Series of academic publications

The Iranian Studies Series was founded in 2007 and is co-published by Rozenberg Publishers in Amsterdam and Purdue University Press in West Lafayette, Indiana. It publishes scholarship on various aspects of Iranian civilisation, covering both contemporary and classical cultures of the Persian cultural area.

The contemporary Persian-speaking area includes Iran, Afghanistan, Tajikistan, and Central Asia, while classical societies using Persian as a literary and cultural language were located in Anatolia, Caucasus, Central Asia and South Asia. The objective of the series is to foster studies of the literary, historical, religious and linguistic products in Iranian languages. In addition to research monographs and reference works, the series publishes English-Persian critical text-editions of important texts.

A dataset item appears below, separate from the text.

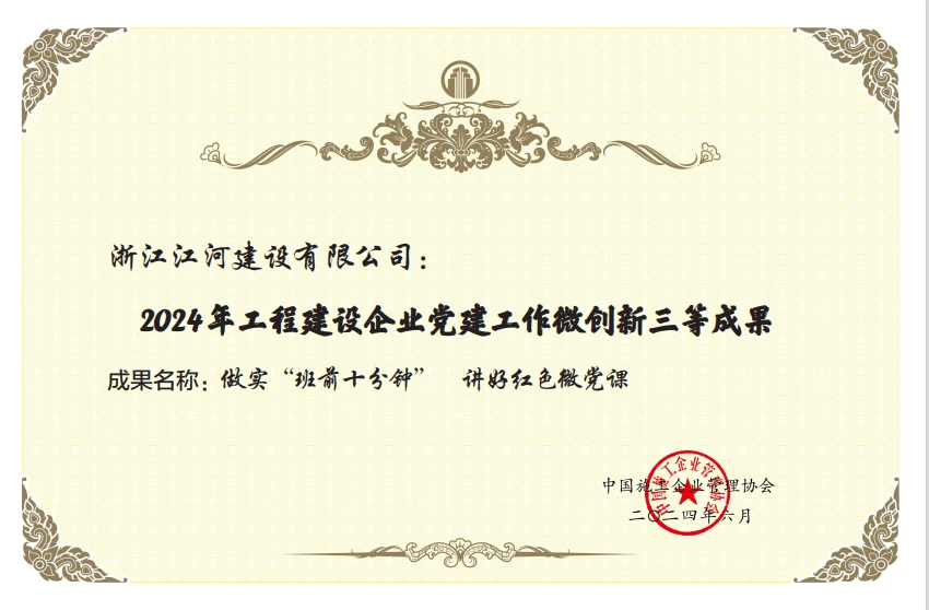 日前,由浙江江河建設有限公司黨總支部選送的黨建工作案例《做實“班前十分鐘 講好...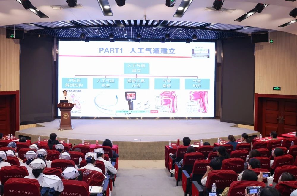 上海天佑醫院覃健鳳總護士長以《人工氣道的建立和管理》為主題,圍繞人工氣道的定義、人工氣道的種類、人工氣道的建立、人工氣道的管理等四個方面進行詳細講解。

Publications in 2007 include The Essence of Modernity, a parallel Persian-English edition of Mirza Yusof Khan Mustahar ad-Dowla's Yak Kaleme; and three volumes of essays in Iranian studies: The Treasury of Tabriz (Safine-ye Tabriz), The Necklace of the Pleiades: Studies in Persian Literature Presented to Heshmat Moayyad on his 80th Birthday (edited by Franklin Lewis and Sunil Sharma); and Gog and Magog: the clans of chaos in world literature.